Digiweb, founded by entrepreneur Colm Piercy, merged with Viatel, which was previously based in London, in 2013. The combined entity had revenues at the time of €60m and was generating €8m in annual profits.

In the prior year as a standalone entity, Digiweb had generated revenue of €38m and a pre-tax profit of €7m. Mr Piercy is chief executive of Viatel. Two related companies are registered in the Bermuda and the Cayman Islands.

Viatel operates connectivity across Europe for larger companies, public sector clients, and wholesale and carrier customers.

It has metro fibre and data centres in Dublin, London, Amsterdam, Frankfurt, Dusseldorf, Paris, Zurich and other cities. It also owns over 8,400km of duct and fibre optic network infrastructure connecting 35 primary cities and 150 data centres. It's the preferred connectivity partner of the London Stock Exchange.

Viatel is backed by Proventus Captial Partners, which is owned by Swedish businessman Robert Weil. Other backers include Quay Ventures and Morgan Stanley. Quay Ventures is controlled by Brian Kelly and invested in Digiweb in 2012.

Expansion of the Viatel business in Ireland will continue under Digiweb ownership. Digiweb has acquired 10 companies over the past few years. It said that further acquisitions are expected in the coming year to position Viatel as a leading enterprise ICT provider in Ireland.

Mr Piercy said that the sale of the Viatel assets provides an "excellent fit for the European infrastructure business to be part of a wider, fast-growing, listed entity that will develop the business further".

Listed on the New York Stock Exchange, Zayo provides bandwidth infrastructure services to businesses. Customers include wireless carriers, media and content companies and finance, healthcare and other large firms. It has a large fibre network across the US and Europe.

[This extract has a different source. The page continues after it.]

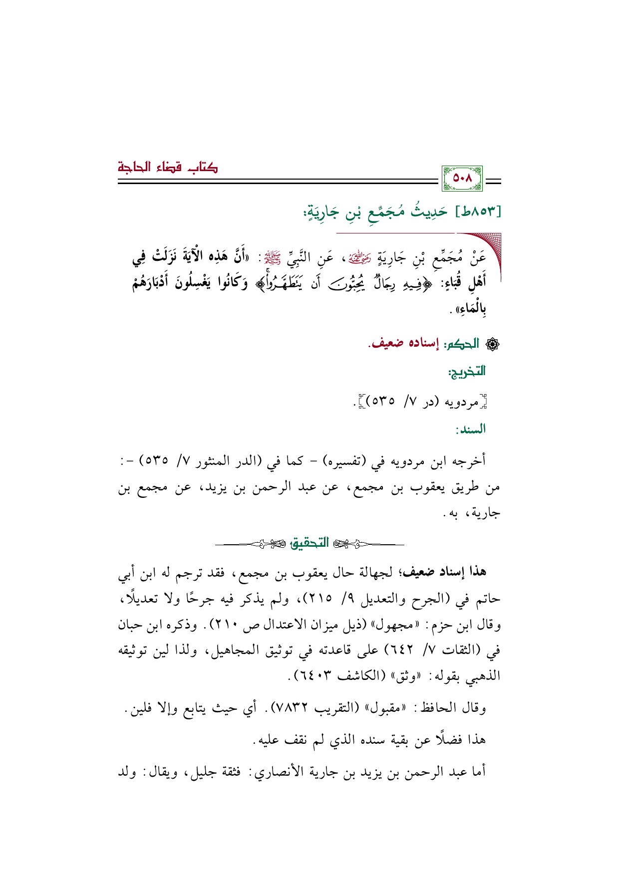 ٨٥٣ - حَدِيثُ مُجَمِّعِ بْنِ جَارِيَةٍ:

Yesterday, Zayo reported third quarter revenue of $366.8m, which was up 5pc year-on-year. Adjusted earnings before interest, tax, depreciation and amortisation was $215.4m, which was 9pc higher year-on-year. It made a $15.2m net loss for the period, compared to net income of $5.1m in the previous quarter. It made a $110.5m net loss in the corresponding quarter last year.

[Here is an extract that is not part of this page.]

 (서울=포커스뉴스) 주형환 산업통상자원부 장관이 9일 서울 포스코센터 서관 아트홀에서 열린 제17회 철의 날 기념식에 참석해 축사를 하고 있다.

Its shares fell over 6pc at one stage yesterday. It has a market capitalisation of about $6bn (€5.6bn).

Zayo hailed the planned acquisition of Viatel as "transformative".

"This transformative acquisition cements Zayo as a leading pan-European infrastructure provider and positions Zayo to capture significant organic and inorganic growth in Europe and beyond," according to Karl Maier, president of Zayo International.

As of September 30, the Zayo had $345.7m of cash and $440.8m available under its revolving credit facility.